On Fri, Nov 4, 2022 at 5:40 AM Jorge Lopez
<jorge.lo...@eu.equinix.com.invalid> wrote:

> Hi,
>
> I'm using my own development of guacamole server through a django project
> and I will like to specify and sftp path for drag and drop files upload. I
> tried with sftp-root-directory as specified in
> https://guacamole.apache.org/doc/gug/configuring-guacamole.html#ssh but I
> think it's just for file browser, because if a user drops a file in the
> window the file is upload to the user's home directory, not at the path
> specified in sftp-root-directory, and, in some cases this path doesn't
> exist so file is not uploaded or I can't find where the file is uploaded.
>

The "sftp-root-directory" parameter only affects the file browser. From the
documentation for that parameter:

"The directory to expose to connected users via Guacamole’s file browser.
If omitted, the root directory will be used by default."
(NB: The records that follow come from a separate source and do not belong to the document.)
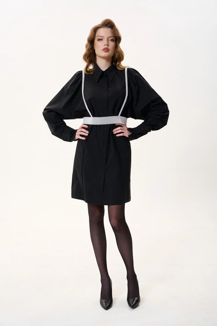 Платье-рубашка свободного силуэта. Характеристики: выполнено из рубашечной ткани в черном цвете, застежка на петли и пуговицы, рукава рубашечные со сборкой по окату и низу, низ рукава обработан манжетой на петли и пуговицы. В комплект входит декоративный пояс из бусин, сзади регулируется на шнуровку. Длина платья по переду 92,5 см, длина рукава 63,5 см.
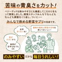 国産野菜と24種類、国産果実を8種類、さらに8種類のスーパーフードをぎゅっとサプリメントにしました。 栄養バランスもしっかり考えました。ベジーグッドはマルチビタミン(ビタミンB1、ビタミンC、ビタミンE)をしっかり1日分配合、野菜不足がきになる方におすすめの野菜サプリメントです。 青汁のような苦味がなく穀物の風味と野菜果実の甘みを感じる優しい風味で飲みやすい。野菜ジュースのように糖質やカロリーを心配する必要もありません。
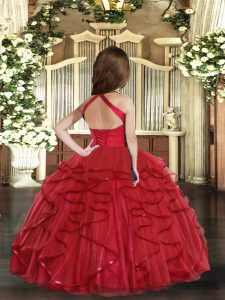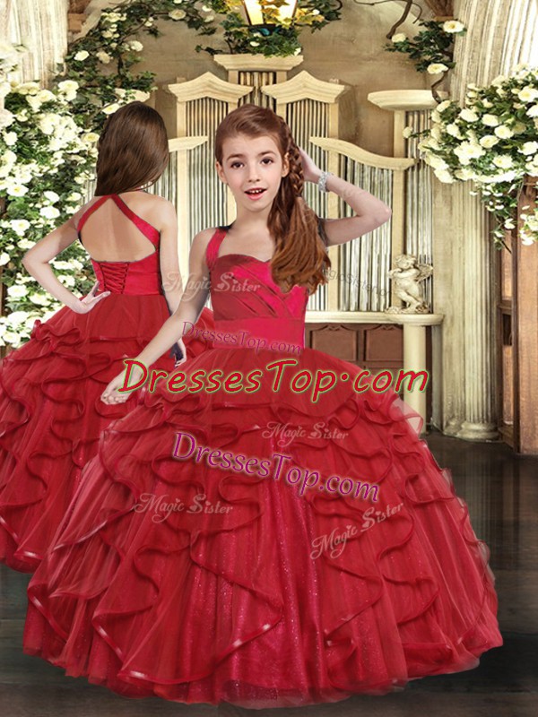 Custom Design Floor Length Lace Up Child Pageant Dress Red for Party and Wedding Party with Ruffles
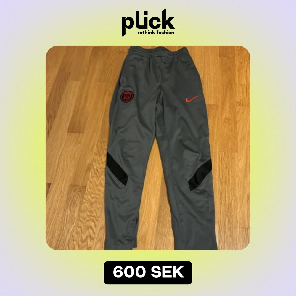 Säljer ett grått träningsset från Nike med PSG-logga. Setet består av en jacka med dragkedja och matchande byxor. Både jackan och byxorna har röda Nike-loggor och svarta detaljer. Perfekt för träning eller vardagsbruk!
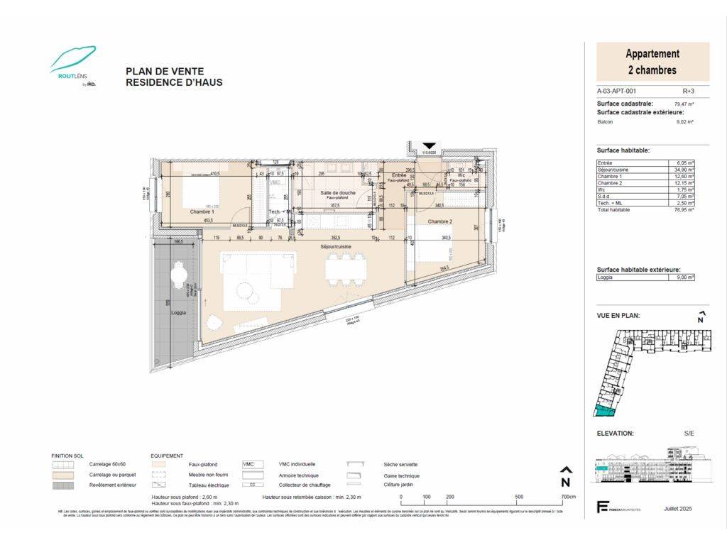 Au sein de la résidence D'Haus, IKO REAL ESTATE vous propose cet appartement 2 chambres neuf de 79,47 m² situé au troisième étage, comprenant un séjour/cuisine, une salle de douche avec wc séparé, une loggia de 9,02 m² et une cave privative.
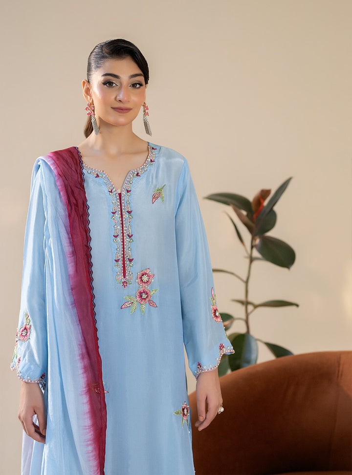 Mahnoor Azher - Aiza Stitched Sky Blue Hand Worked Resham and Tilla Embroidery
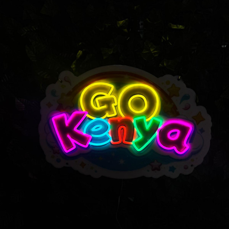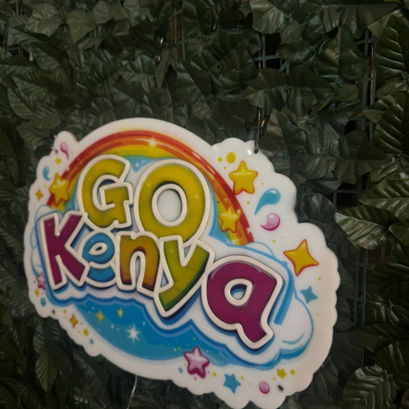ArtLEDistic a realizat semnul luminos personalizat GO KENYA pentru utilizare la interior, potrivit pentru spații dedicate copiilor, evenimente tematice și zone creative.
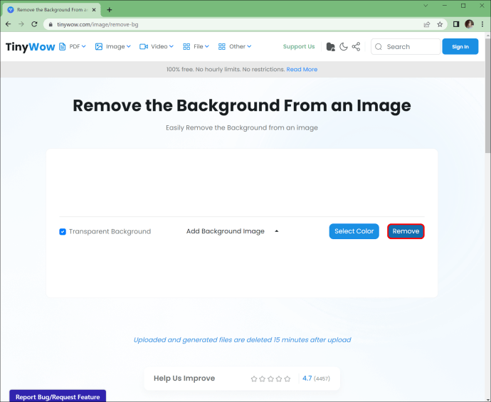 TinyWow è una piattaforma adatta ai principianti che ti consente di apportare ogni tipo di modifica alle tue immagini di Illustrator. La rimozione dello sfondo è una delle funzionalità più utili. Richiede solo pochi clic.
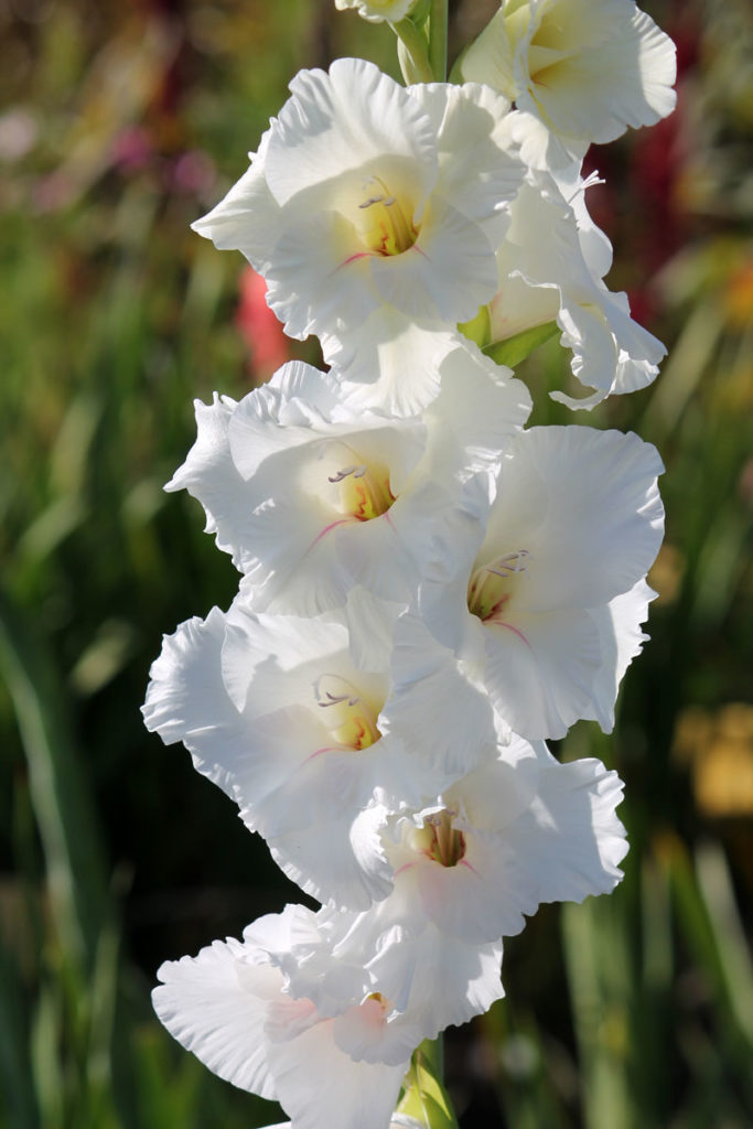 Данный гладиолус входит в топ-10 самых лучших сортов для срезки. Он славится своими крупными белоснежными цветками. Серединка цветка – салатового цвета. Цветки сидячие с простым воронковидным околоцветником из шести неодинаковых долей, сросшихся основаниями, различной величины и формы. Цветки расположены близко и симметрично на прочных цветоносных стеблях. Они образуют колосовидно соцветие. Лепестки взъерошены и напоминают воздушный зефир. Стебли растения крепкие, прямостоячие, мясистые и покрыты продолговатыми, тонкими, ланцетными листьями (стебли гладиолусов нужно подвязывать). ождения. Его можно выращивать как в открытом грунте, так и в контейнерах.

Uploads that are just dragged into the browser window will go to whichever
path the SFTP server considers the default, typically the user's home
directory.

As I see in guacd container logs, there is no error and sftp is connected
> succesfully. With RDP connections 'drive_path' option is working as
> expected, but not for ssh. I also tried adding the absolute path to the
> filename once I created the FileStream in my .js client implementation:
>
> filename = `/tmp/test/${filename}`
>
> let stream = guac.createFileStream(mimetype, filename);
>
> But as I see in guacd logs, it's raising an error
>
> Filename "/tmp/test/test.docx" is invalid or resulting path is too long
>
>
The filename of a file stream is just the filename of the destination file,
not the destination path. The attempt to upload is being rejected because
of the inclusion of path separators in that filename. To upload to a
specific path, you'll need to use the same mechanism as the file browser,
leveraging the filesystem object received at the beginning of the
connection and then createOutputStream() of that filesystem object instead
of the client-level createFileStream(). For example:

// After setting a handler for guac.onfilesystem so we have a reference to
any received filesystem ...
let stream = filesystem.createOutputStream('application/octet-stream',
'/tmp/test/test.docx');


Unlike the file stream, the filesystem object has defined behavior for path
separators in stream names and will handle those as directories.